Saturday, January 1, 2022

New Year’s Day by Taylor Swift—Murfin Winter Holidays Music Festival

                                            New Year's Day by Taylor Swift.
 

For Americans New Year’s Day is a kind of low key and lethargic holiday.  Many New Year’s Eve revelers nurse hangovers.  For others it’s a spend the day in pajamas and robe affair to veg out in front of the tube and watch the Rose Parade and endless college bowl games.   It is the biggest day of the year for ordering pizza delivery. 

New Year's Eve has long been an amateur night with excessive drinking and mixing of libations, National Hangover Day is an appropriate designation for the first day of the year.

There have not been many songs for January 1.  For years we were stuck with U2’s first big hit, New Year’s Day released in 1987 and dedicated to the Polish Solidarity movement.  It set the tone for decades of self-important and self-righteous songs with supposedly meaningful and progressive themes with Bono doing his patented vocal pyrotechnics.  A lot of folks love that stuff, but it has come to irritate the hell out of me.

Despite a raging surge of the Coronavirus Omicron variant and the cancelation of some Bowl Games officials of the 133rd Rose Parade are expected to go off as usual this year. 

In 2017 Taylor Swift offered us an alternative.  I know that there are folks who follow this festival who have nothing but scorn for the country/pop diva and her endlessly autobiographical songs of failed relationships.  But I have always thought that if you take her for what she is and don’t try to compare her to female stars of country music’s golden age she does what she does very well.


New Year’s Day was on Swift’s sixth studio album, Reputation (2017).
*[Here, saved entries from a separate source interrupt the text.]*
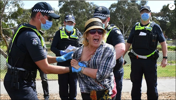 <ビクトリアの公園でマスク未着用のために逮捕される69歳の女性>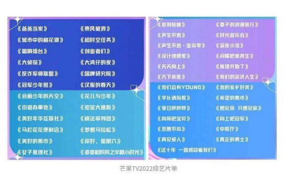 但相较于爱优腾,芒果TV的一大特征是其以综艺为王。近期,爱奇艺、优酷和芒果TV发布了其2022年片单,芒果TV片单上的综艺多达50档,爱奇艺和优酷的分别为20档和17档。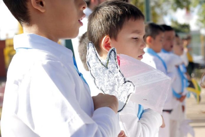 Con música, poesía, cuadros representativos y semblanza histórica los alumnos mostraron a su padres, maestros y autoridades educativas y municipales su convicción por la búsqueda de la paz como uno de los derechos de la infancia.
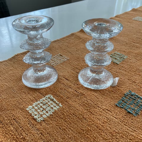 Festivo -kynttilänjalat. Ehjät, signeeratut, tarra/osittainen tarra.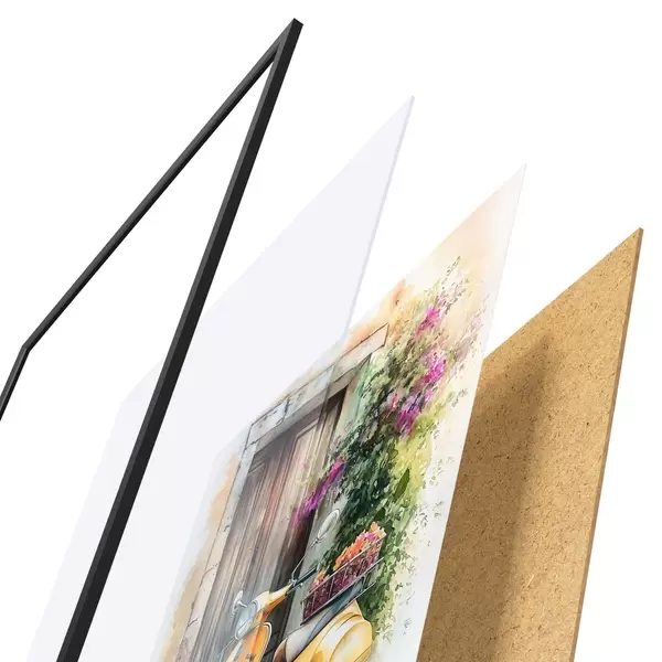 Plakāts sastāv no rāmja, pleksstikla, iespiestā attēla un skaidu plātnes pamatnes. Plakātu var uzreiz piekarināt pie sienas, pateicoties aizmugurē esošajiem stiprinājumiem.
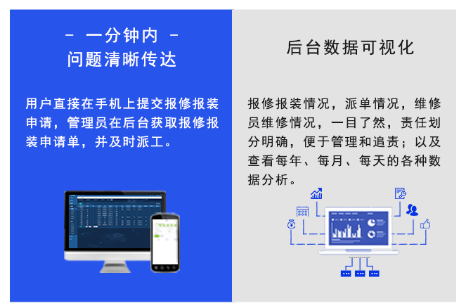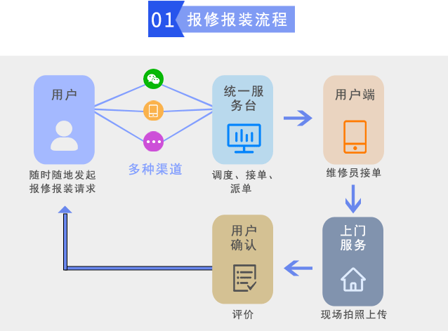 在線報(bào)修報(bào)裝系統(tǒng),可幫助企業(yè)實(shí)現(xiàn)輕松、規(guī)范、細(xì)致的報(bào)修、派單、接單、維修報(bào)裝、評(píng)價(jià)等一體化管理工作,提高管理效率、實(shí)時(shí)掌握、準(zhǔn)確、全面的報(bào)修報(bào)裝進(jìn)度,高效控制報(bào)修報(bào)裝全部過程。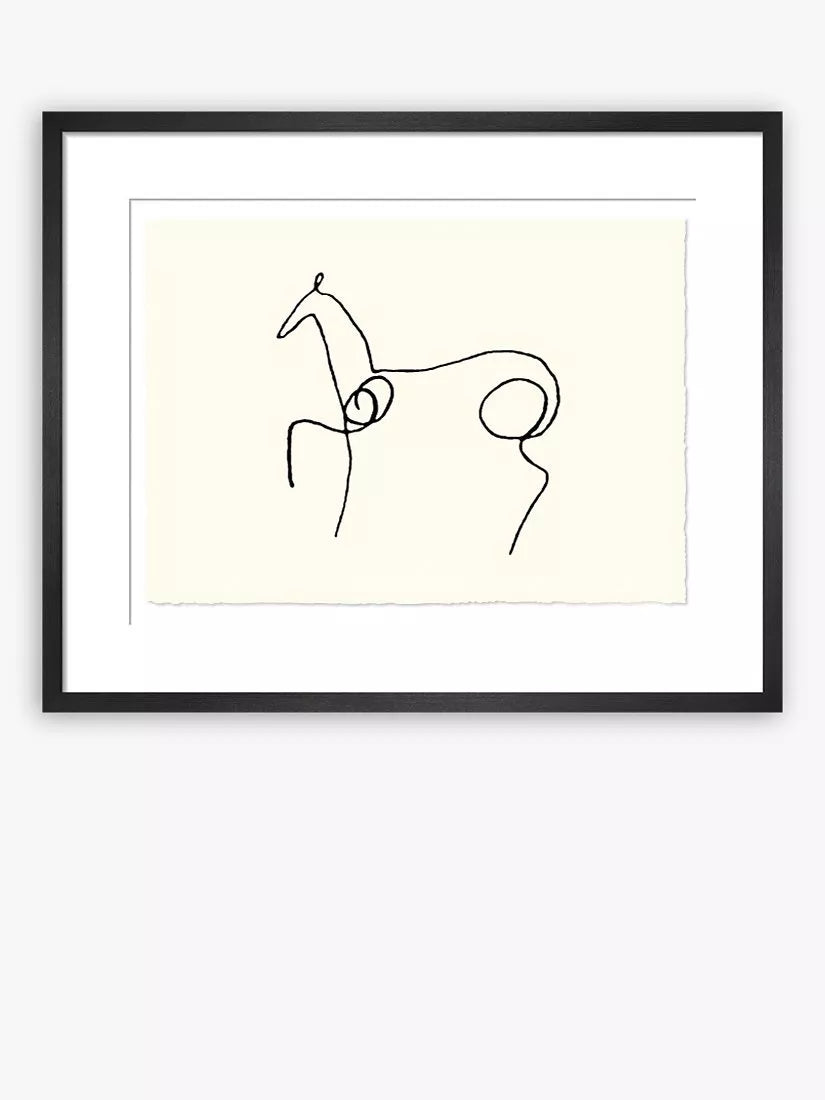 „Das Pferd“ von Pablo Picasso. Zu Beginn des 20. Jahrhunderts ließen sich zahlreiche Künstler, darunter Pablo Picasso, von den einfachen, stilisierten Darstellungen außereuropäischer Kulturen beeinflussen. So schuf Picasso eine Reihe vereinfachter Tierzeichnungen, darunter „Das Pferd“, die alle mit einer einzigen, durchgehenden Linie ausgeführt sind.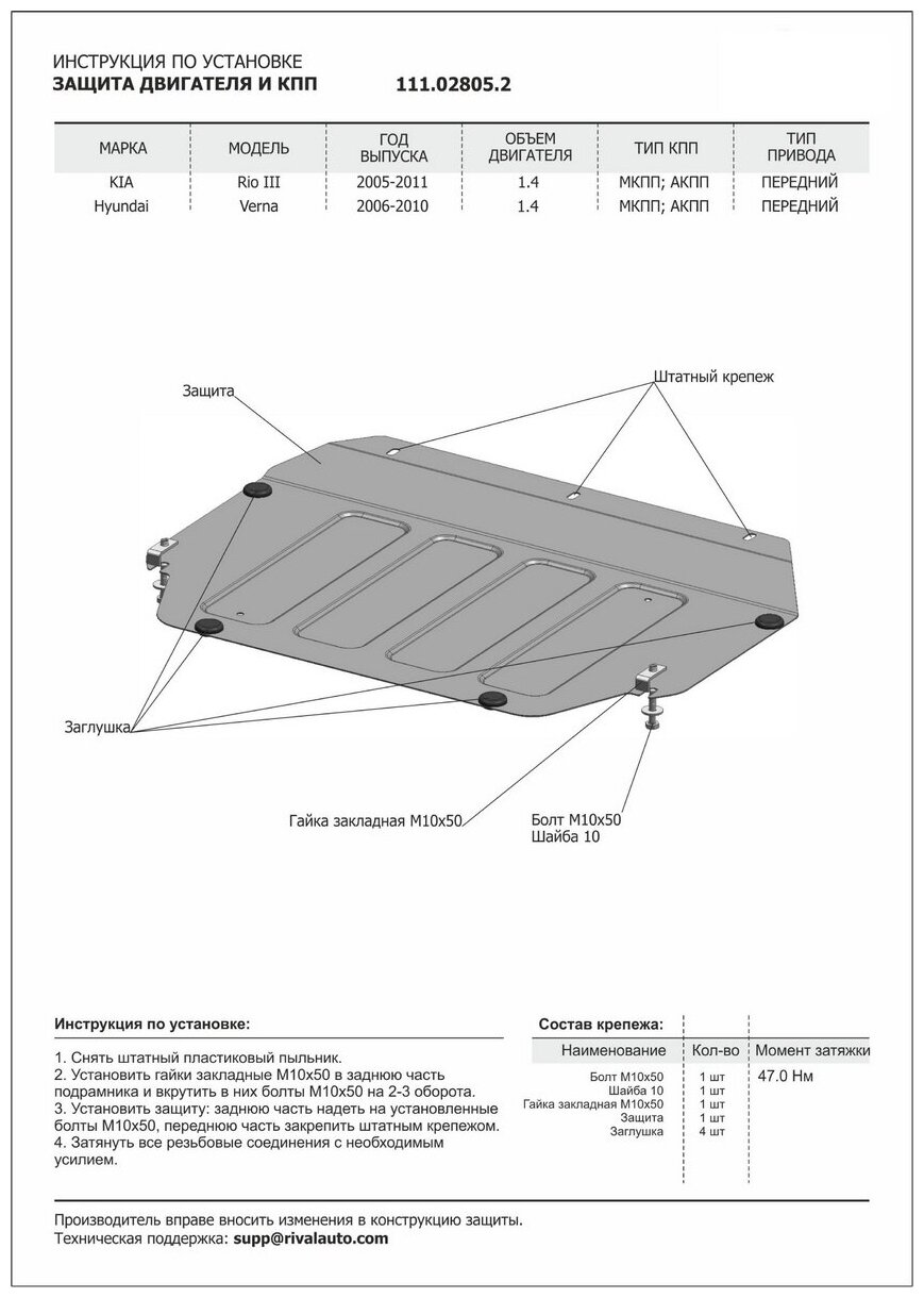 | Комплектация | защита - 1 шт., комплект крепежа, инструкция по установке, упаковка |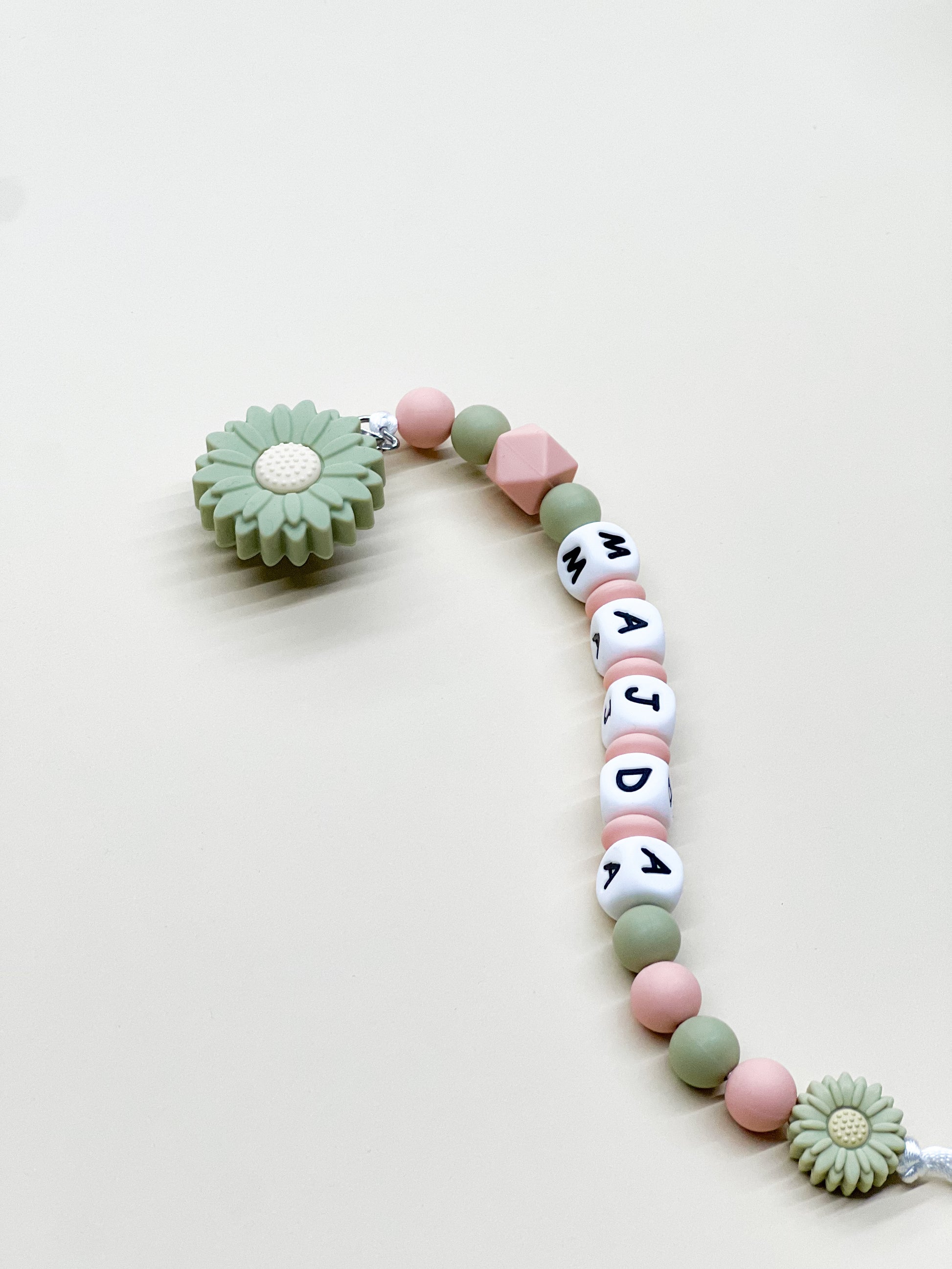 Naš lančić sa imenom deteta, ukrašen okruglom silikonskom klipsom, pažljivo je ručno izrađen sa ljubavlju prema svakom detalju.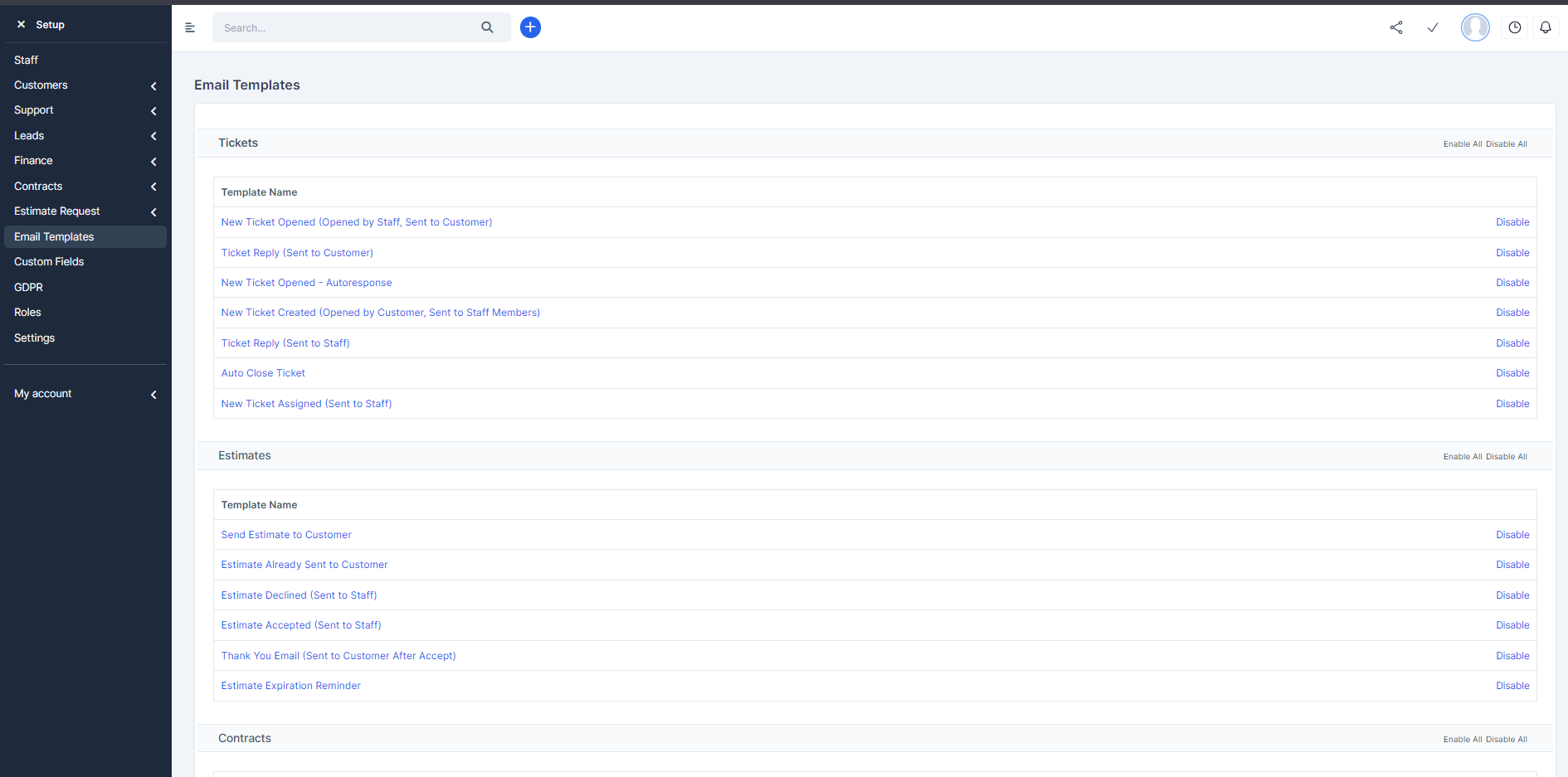 - New Ticket Opened (Opened by staff, sent to customer) – (Sends to customer when ticket is opened from admin area)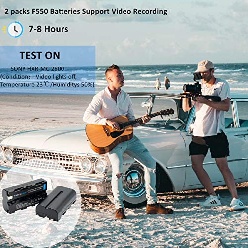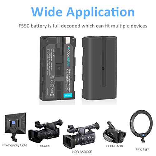 COOLSHOW NP F550 - Batteria di ricambio (2 pezzi), 2900mAh, con LED intelligente, USB F550, caricatore per Sony NP F970,F750,F770,F960,F550,F530,F330,F570,CCD-SC55,TR516 716 TR818 TR910 TR917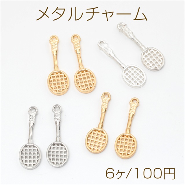 メタルチャーム バドミントンラケット 合金製 約8.5×26mm(6ヶ)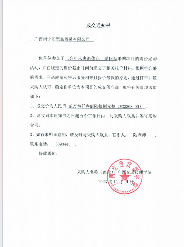 关于工会年末离退休职工慰问品采购项目成交结果公告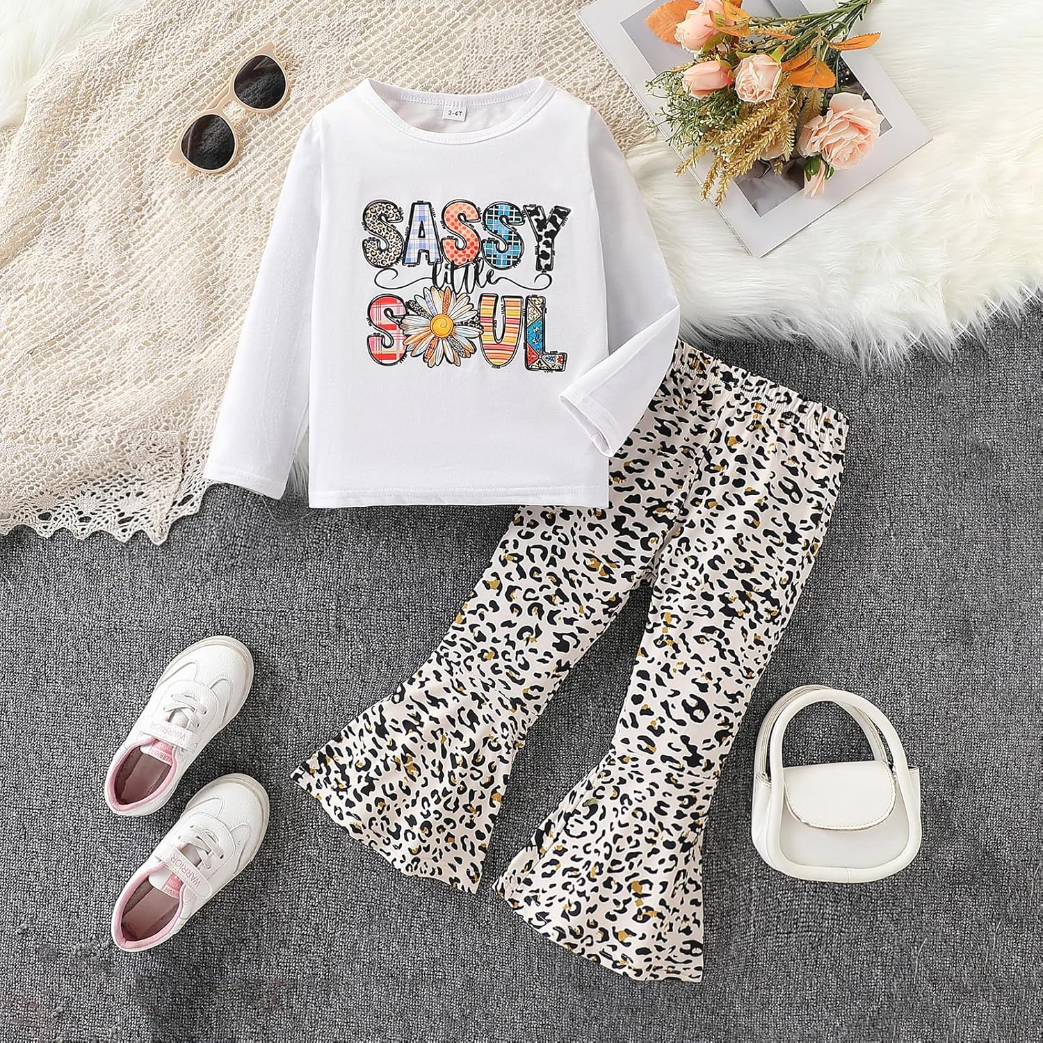 - 【Unique and Stylish】Our 2-piece set includes a round-neck printed sports shirt and a pair of elastic-waist flared jeans, making it the perfect choice for toddler baby girl autumn and winter clothing. This outfit is not only fashionable but also extremely comfortable, making your daughter feel confident and at ease. Your daughter will receive many compliments for this cute outfit, making her feel energetic and confident this season!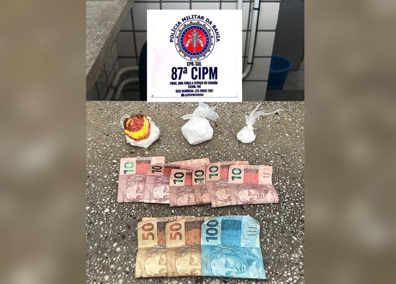 A Polícia Militar prendeu em flagrante, na cidade de Teixeira de Freitas, na manhã desta quinta-feira, 2 de março, um homem com 107 gramas de cocaína, divididas em três porções. Ele estava com R$ 260 que pode ser dinheiro da venda da droga.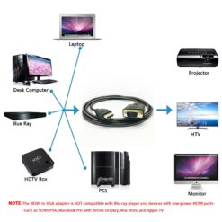 Constructed with gold-plated connectors and oxygen-free copper wiring, this adapter cable ensures maximum signal integrity with minimal interference. Its universal compatibility works with laptops, PCs, DVD players, gaming consoles (HDMI source) to projectors, monitors, and TVs (VGA display). The durable nylon-braided jacket provides superior strain relief and tangle-free operation for daily use in office, classroom, or entertainment setups.
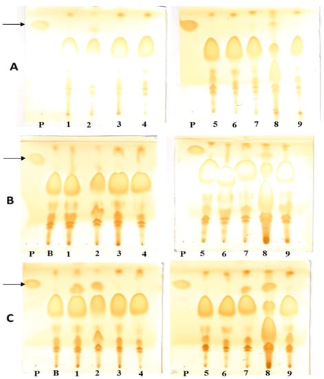 Transesterification assay with ethanol in different oils (black arrow). (A) Control (B) Lip1 adsorbed in octadecyl (C) Lip2 adsorbed on octadecyl. P = ethyl oleate 1%, B = soy oil control, 1 = soy oil, 2 = macaúba almond oil, 3 = canola oil, 4 = corn oil, 5 = pequi oil, 6 = sunflower oil, 7 = olive oil, 8 = macaúba pulp oil, 9 = sesame oil.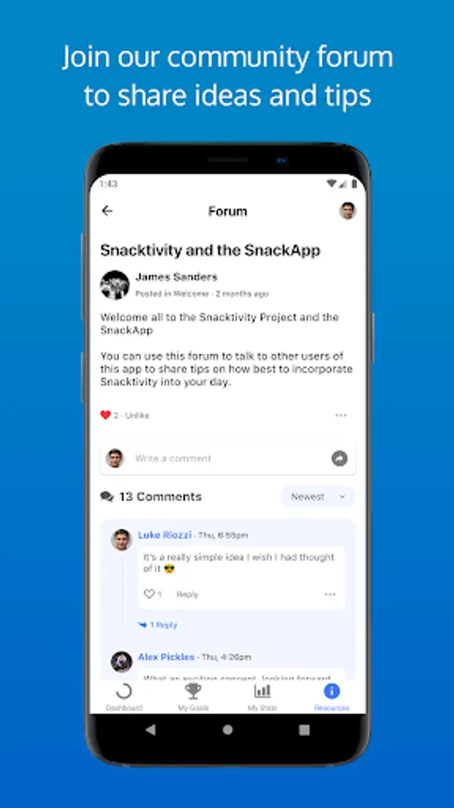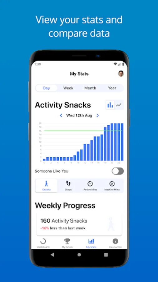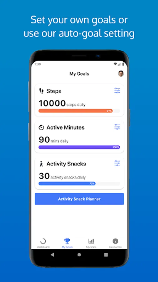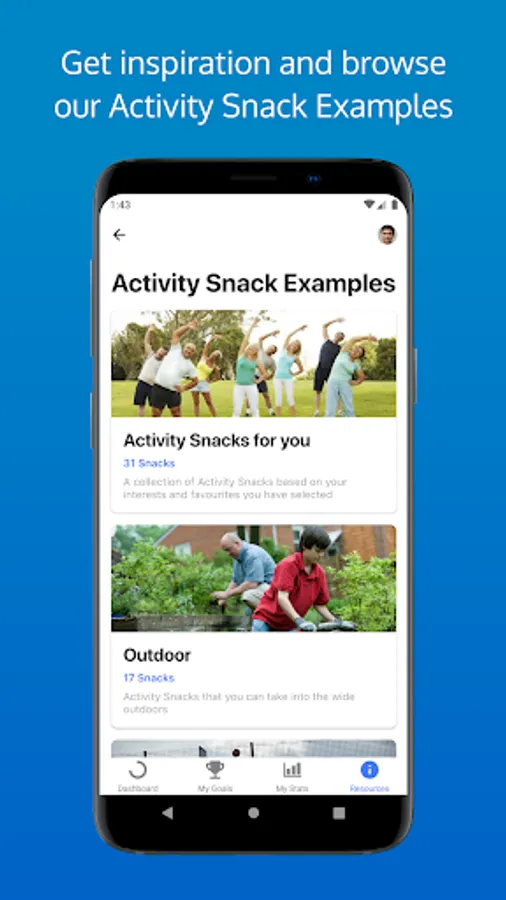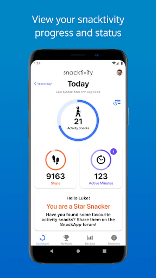 You'll be able to track your progress, set goals, plan your activity snacks into your day, get inspiration for what activity snacks you can do at home or at work, learn more about why being physically active is good for you and talk to others who are involved in Snacktivity.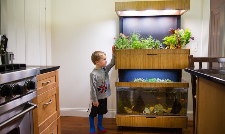A process called aquaponics is behind the success of the Grove Ecosystem. An aquarium sits below the garden, and its fish digest their food to produce ammonia-rich waste. Beneficial microbes convert the ammonia to nitrates (organic plant fertilizer), which simultaneously supplies the plants with nutrients and the fish with clean water.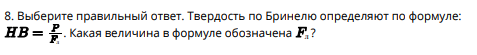8. Выберите правильный ответ. Твердость по Бринелю определяют по формуле: . Какая величина в формуле обозначена ?

Swift co-wrote and co-produced the track with Jack Antonoff.  She debuted the song on The Tonight Show Starring Jimmy Fallon and was only a mid-level country music hit.  But the critical reception was very positive. 

One reviewer wrote:

New Year’s Day isn't the best song on Reputation, but it’s one of the best, and like the rest of the good ones it excels because the petulant sense of betrayal that fuels the album elsewhere has receded. It turns out, that, once she puts herself in position to express emotions more common and profound than the sense of being an ultrafamous pop musician who got exposed by other ultrafamous celebrities as cold-blooded and duplicitous, that she’s still an artistic force to be reckoned with.